Experimental methods

Materials

Cardanol was obtained from Sathya Cashew products Chennai. Formaldehyde, N-methyl 2-pyrrolidone, sodium hydroxide, potassium permanganate, chloroform, and hydrazine hydrate were purchased from Merck and were used as received. Diglycidyl ether of bisphenol – A (DGEBA epoxy resin) (LY556) was utilized as matrix resin in the present study and it was received from Ciba-Geigy Ltd. Natural graphite was purchased from Active Carbon India Pvt. Ltd., India. Sulfuric acid (H2SO4, 95–98%) was purchased from Ranbaxy Chemicals, India. Hydrogen peroxide (H2O2) was purchased from SD Fine Chemicals, India. Sodium nitrate (NaNO3), caprolactam, sodium hypo phosphate, dimethylformamide (DMF) and diphenyldiaminomethane (DDM) were purchased from SRL chemicals, Chennai.

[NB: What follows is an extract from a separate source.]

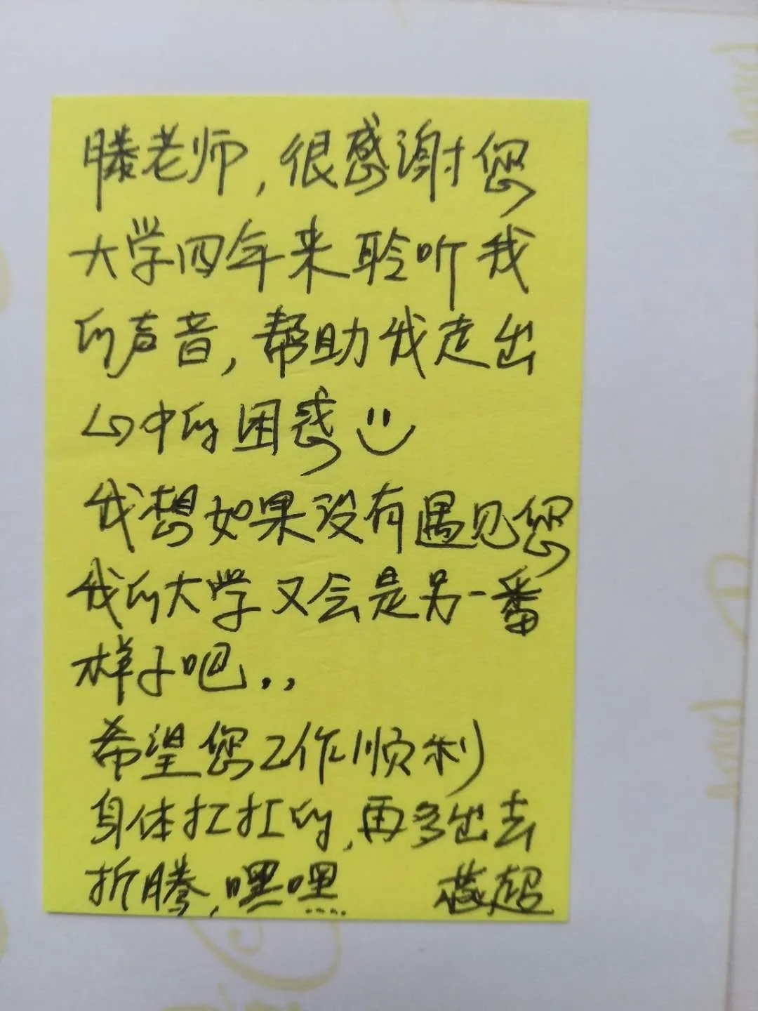 “滕崇老师很像一个循循善诱的长辈。你可以放心地把自己的烦恼讲给她听。”如今回忆起大学里的这段经历,胡燕超依旧无比感谢滕崇老师,“她不会告诉我应该怎么去做,她只是倾听我的烦恼,然后分析,让我自己去考虑该怎么更好地去处理这个问题。”

Synthesis of N,N′-(4,4′-methylenebis (4,1-phenylene))bis(6-aminohexanamide)-(CPA)

CPA was synthesized as per modified procedure reported earlier by our research group.20 In a 250 mL two necked round bottomed flask equipped with condenser, 100 mL of N-methyl pyrrolidone (NMP), 10 g (0.0883 mol) of caprolactam, 7.8 g (0.0442 mol) of 4,4′ methylenedianiline and 5 mg of alkali hypo phosphate catalyst were added. The mixture was allowed react at 100 °C for 24 h with efficient agitation to facilitate completion of reaction. The product was filtered by separation (yield 85%) (Scheme 1).
image file: c4ra14383c-s1.tif
Scheme 1 Synthesis of CPA.

Synthesis of CPA–cardanol benzoxazine (CBZ)

To the CPA (5 g, 0.011 mol) in chloroform, formaldehyde (1.4 g, 0.047 mol) was added and stirred for 30 minutes at 0 °C. Subsequently, 7.42 g of cardanol (0.023 mol) was added to the reaction mixture and stirred for overnight at 70 °C. After the completion of reaction, the reaction mixture was extracted with ethyl acetate and washed with 2 N NaOH, water, brine and concentrated the organic layer to obtain the product (yield 95%) (Scheme 2) and preserved for further use.
image file: c4ra14383c-s2.tif
Scheme 2 Synthesis of CPA–cardanol benzoxazine (CBZ).

image file: c4ra14383c-s3.tif
Scheme 3 Development of benzoxazine–graphene–epoxy nanocomposites.

Synthesis of graphene

Graphene Oxide (GO) was prepared from natural graphite through modified Hummer's method.21 About 1 g of graphite and 1.2 g of NaNO3 were added to 69 mL of concentrated H2SO4, and then 3 g of KMO4 was gradually added with stirring and then the reaction mixture was heated at 35 °C for 6 h. In the next step, about 80 mL distilled water was slowly added to the mixture, which was maintained at 60 °C for 30 min. Finally, 200 mL distilled water and 6 mL of 30 wt% H2O2 were added. The product was washed repeatedly with Ultra pristine Milli-Q water using centrifugation method until the homogeneous colloidal suspension was obtained. An aqueous suspension of exfoliated GO, with ∼20 mg mL−1 was obtained by centrifugation. To the exfoliated GO 250 mL of water is added to get a homogeneous dispersion. This dispersion was sonicated using an ultrasonicator. Hydrazine hydrate (3.5 mL. 0.1 mol) was then added and the solution was heated in an oil bath at 100 °C under a water-cooled condenser for 24 h over which the reduced GO gradually precipitated out as a black solid. The product was isolated by filtration and washed with water and then with methanol and dried in hot air oven and preserved for further use.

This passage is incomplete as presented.